*Aim of the task*:
From the line that contains "В набор MAYER&BOCH" through the line that contains "72925438 old postcard", output every line of the listing below exactly and leave out all the rest.

*Given data*:
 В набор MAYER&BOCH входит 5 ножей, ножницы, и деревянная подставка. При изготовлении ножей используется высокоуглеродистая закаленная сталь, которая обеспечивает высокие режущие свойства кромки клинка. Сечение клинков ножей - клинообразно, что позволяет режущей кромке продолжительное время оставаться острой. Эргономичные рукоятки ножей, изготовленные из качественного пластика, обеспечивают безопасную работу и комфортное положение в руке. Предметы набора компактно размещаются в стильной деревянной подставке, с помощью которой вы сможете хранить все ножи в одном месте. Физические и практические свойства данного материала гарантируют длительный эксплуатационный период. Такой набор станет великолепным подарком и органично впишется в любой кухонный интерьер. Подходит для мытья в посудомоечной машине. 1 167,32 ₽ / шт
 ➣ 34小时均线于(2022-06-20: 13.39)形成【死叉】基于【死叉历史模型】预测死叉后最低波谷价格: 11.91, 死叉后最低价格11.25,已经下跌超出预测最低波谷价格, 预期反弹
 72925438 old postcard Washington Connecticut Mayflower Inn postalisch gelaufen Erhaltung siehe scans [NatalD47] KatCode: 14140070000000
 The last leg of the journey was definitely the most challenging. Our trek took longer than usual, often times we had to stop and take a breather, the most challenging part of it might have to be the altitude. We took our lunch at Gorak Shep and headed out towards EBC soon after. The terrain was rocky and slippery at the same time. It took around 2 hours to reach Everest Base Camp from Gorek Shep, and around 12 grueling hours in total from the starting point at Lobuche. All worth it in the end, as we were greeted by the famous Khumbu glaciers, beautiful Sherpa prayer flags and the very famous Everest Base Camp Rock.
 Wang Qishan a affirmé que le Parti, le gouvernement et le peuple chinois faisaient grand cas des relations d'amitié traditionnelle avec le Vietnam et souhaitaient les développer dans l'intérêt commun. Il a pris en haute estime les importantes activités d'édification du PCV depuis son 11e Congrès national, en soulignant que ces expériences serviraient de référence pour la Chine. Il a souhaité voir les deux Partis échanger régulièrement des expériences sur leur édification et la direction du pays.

--

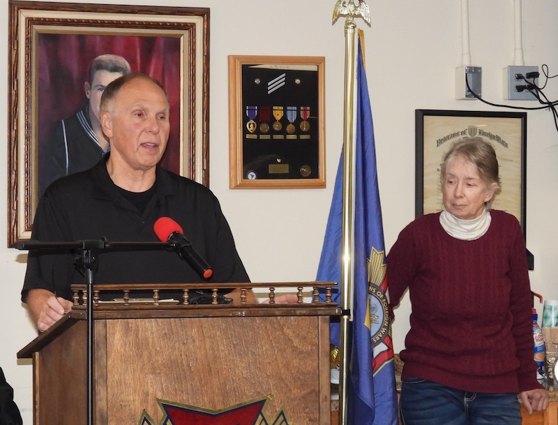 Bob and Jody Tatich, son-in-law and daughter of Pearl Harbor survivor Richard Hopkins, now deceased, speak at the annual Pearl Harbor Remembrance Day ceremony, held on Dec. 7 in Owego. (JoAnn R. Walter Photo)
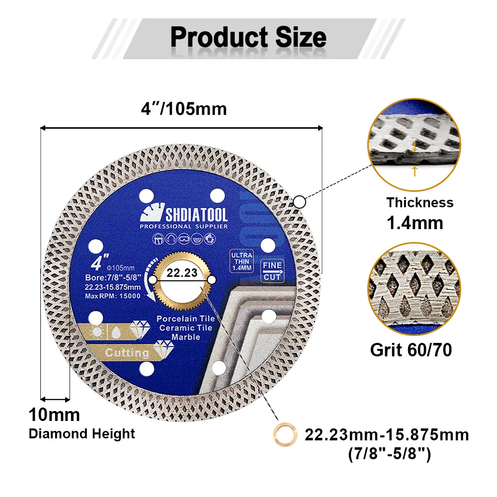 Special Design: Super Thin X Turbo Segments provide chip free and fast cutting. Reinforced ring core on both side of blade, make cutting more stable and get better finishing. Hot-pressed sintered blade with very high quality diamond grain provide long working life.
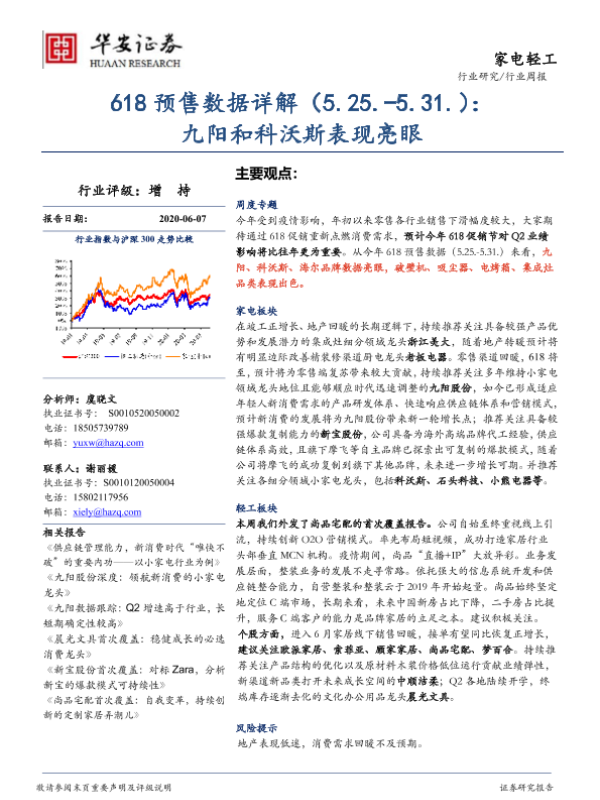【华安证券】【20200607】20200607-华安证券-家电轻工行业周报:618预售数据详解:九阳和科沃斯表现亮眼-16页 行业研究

*Your response*:
 В набор MAYER&BOCH входит 5 ножей, ножницы, и деревянная подставка. При изготовлении ножей используется высокоуглеродистая закаленная сталь, которая обеспечивает высокие режущие свойства кромки клинка. Сечение клинков ножей - клинообразно, что позволяет режущей кромке продолжительное время оставаться острой. Эргономичные рукоятки ножей, изготовленные из качественного пластика, обеспечивают безопасную работу и комфортное положение в руке. Предметы набора компактно размещаются в стильной деревянной подставке, с помощью которой вы сможете хранить все ножи в одном месте. Физические и практические свойства данного материала гарантируют длительный эксплуатационный период. Такой набор станет великолепным подарком и органично впишется в любой кухонный интерьер. Подходит для мытья в посудомоечной машине. 1 167,32 ₽ / шт
 ➣ 34小时均线于(2022-06-20: 13.39)形成【死叉】基于【死叉历史模型】预测死叉后最低波谷价格: 11.91, 死叉后最低价格11.25,已经下跌超出预测最低波谷价格, 预期反弹
 72925438 old postcard Washington Connecticut Mayflower Inn postalisch gelaufen Erhaltung siehe scans [NatalD47] KatCode: 14140070000000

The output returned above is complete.